I've been informed that my library is slower than it should be, on the order of 30+ times too slow parsing a particular file (text file, size 326 kb). The user suggested that it may be that I'm using std::ifstream
(presumably instead of FILE
).
I'd rather not blindly rewrite, so I thought I'd check here first, since my guess would be the bottleneck is elsewhere. I'm reading character by character, so the only functions I'm using are get()
, peek()
, and tellg()/seekg()
.
Update:
I profiled, and got confusing output - gprof didn't appear to think that it took so long. I rewrote the program to read the entire file into a buffer first, and it sped up by about 100x. I think the problem may have been the tellg()/seekg()
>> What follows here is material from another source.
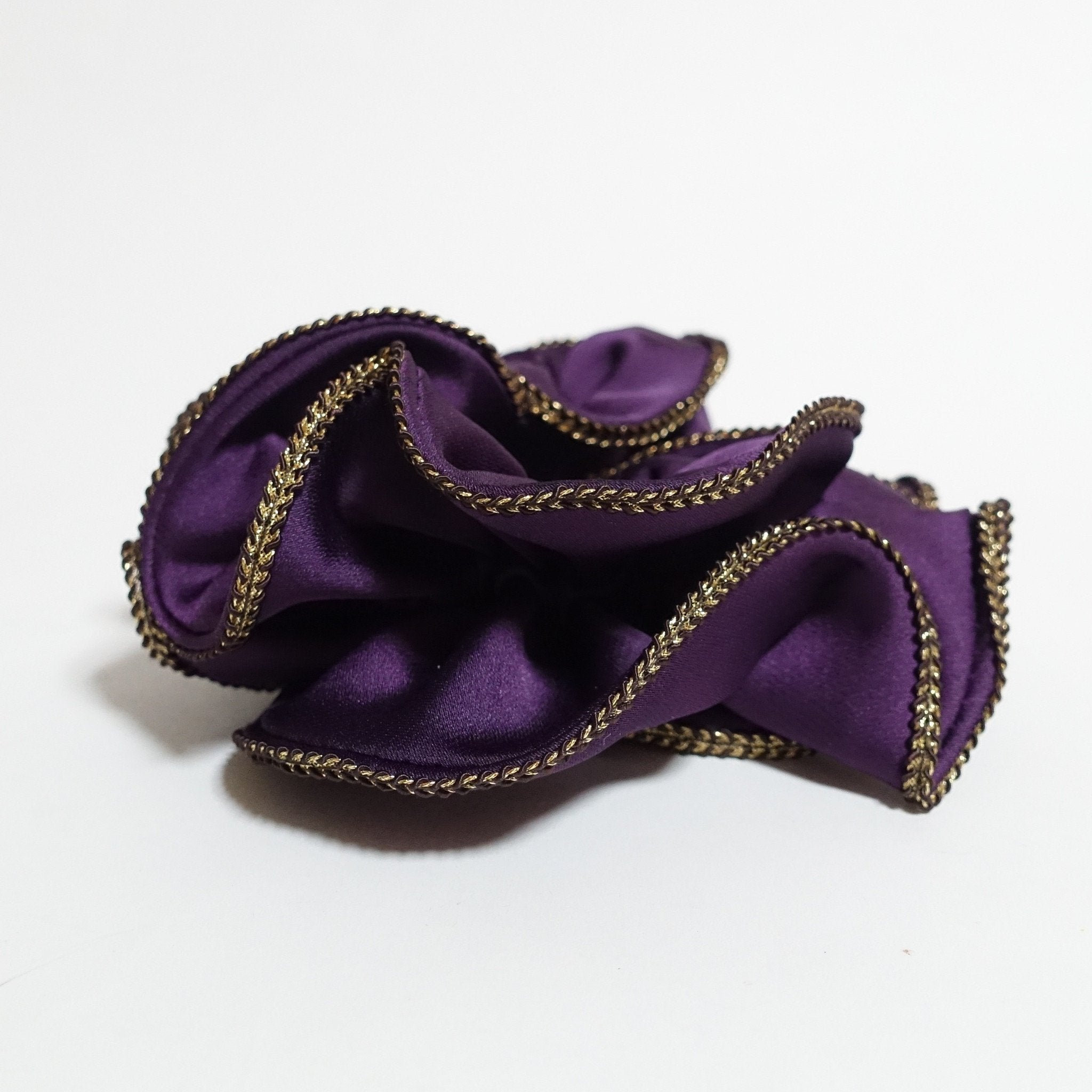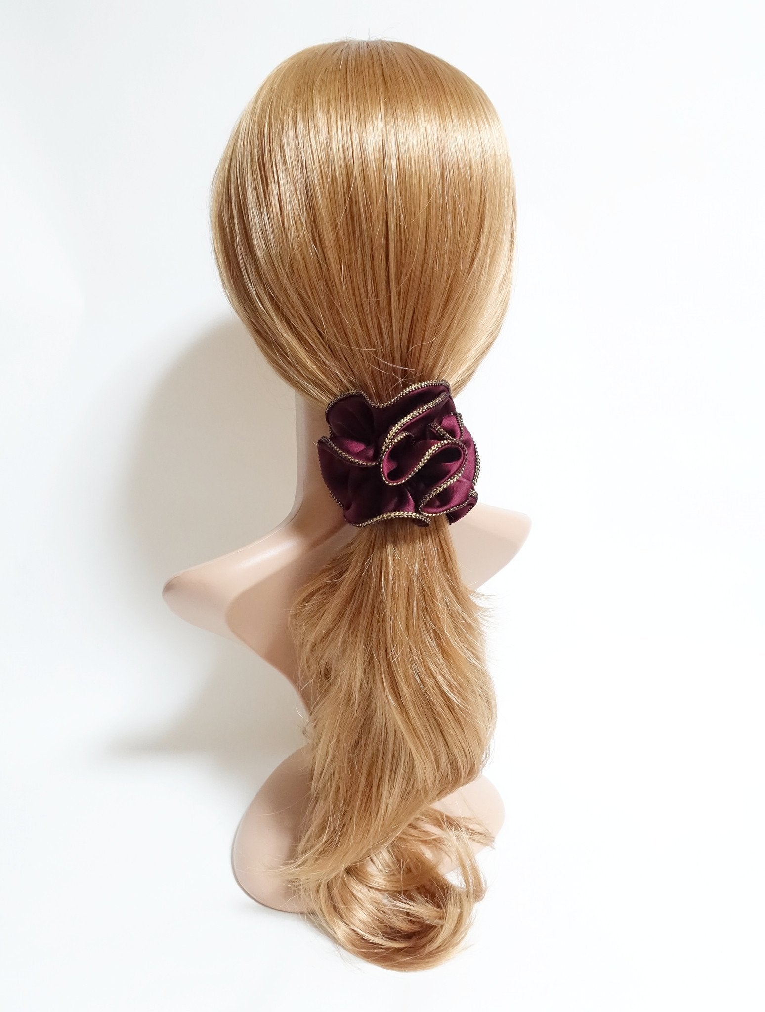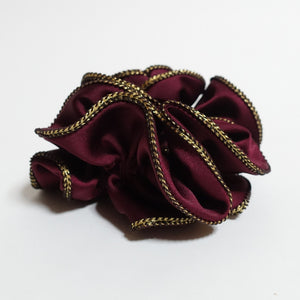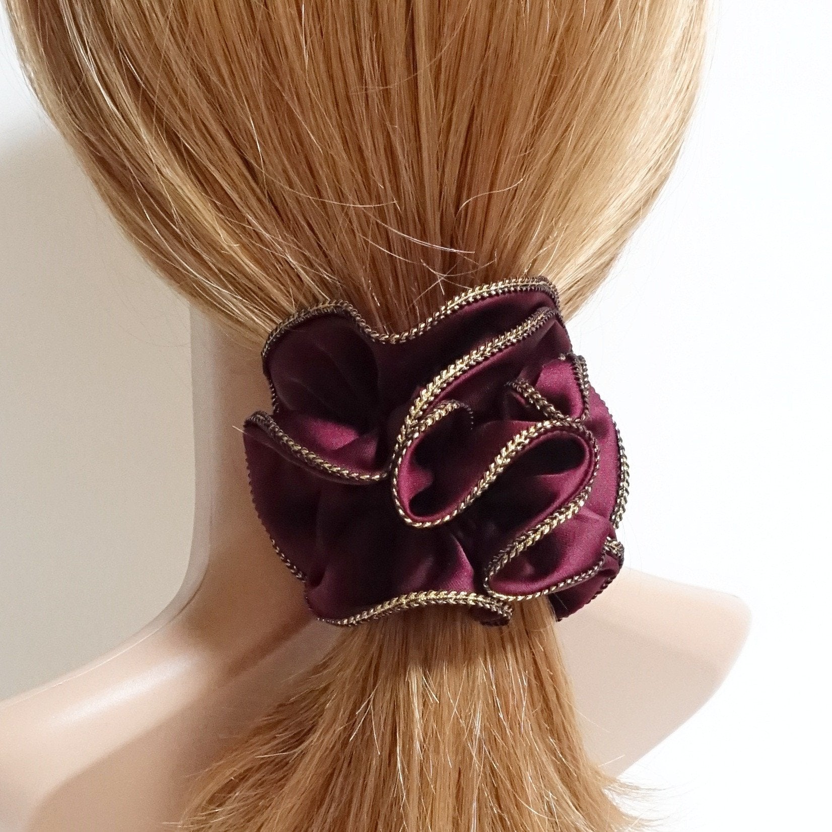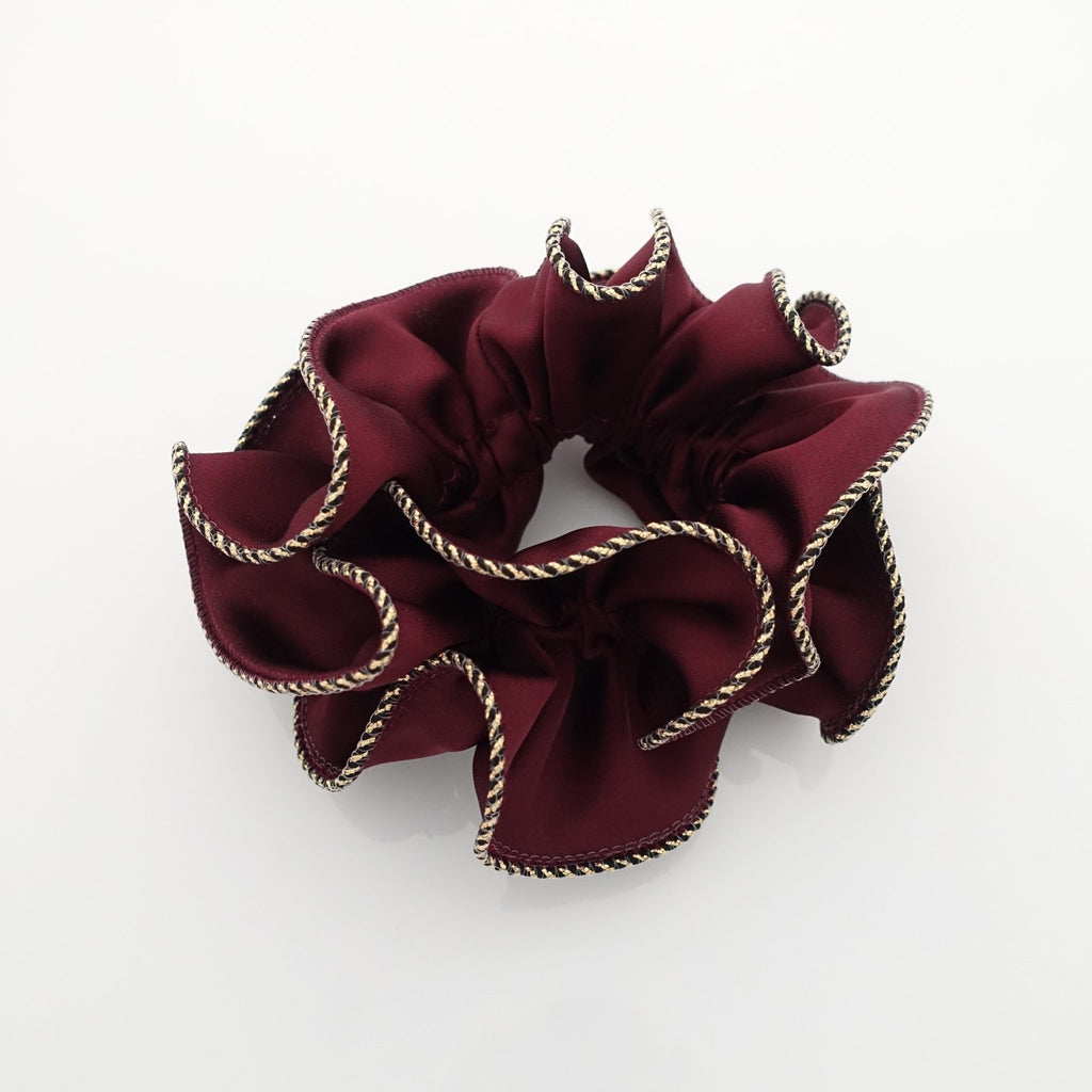 veryshine.com scrunchies/hair holder Burgundy Golden Thread Trim Satin Hair Elastic Hair Ties Women Hair Scrunchies

that took a long time, but gprof may have been unable to see that for some reason. In any case, ifstream
does not appear to buffer the entire file, even for this size.
I don't think that'd make a difference. Especially if you're reading char by char, the overhead of I/O is likely to completely dominate anything else. Why do you read single bytes at a time? You know how extremely inefficient it is?
On a 326kb file, the fastest solution will most likely be to just read it into memory at once.
The difference between std::ifstream and the C equivalents, is basically a virtual function call or two. It may make a difference if executed a few tens of million times per second, otherwise, not reall. file I/O is generally so slow that the API used to access it doesn't really matter. What matters far more is the read/write pattern. Lots of seeks are bad, sequential reads/writes good.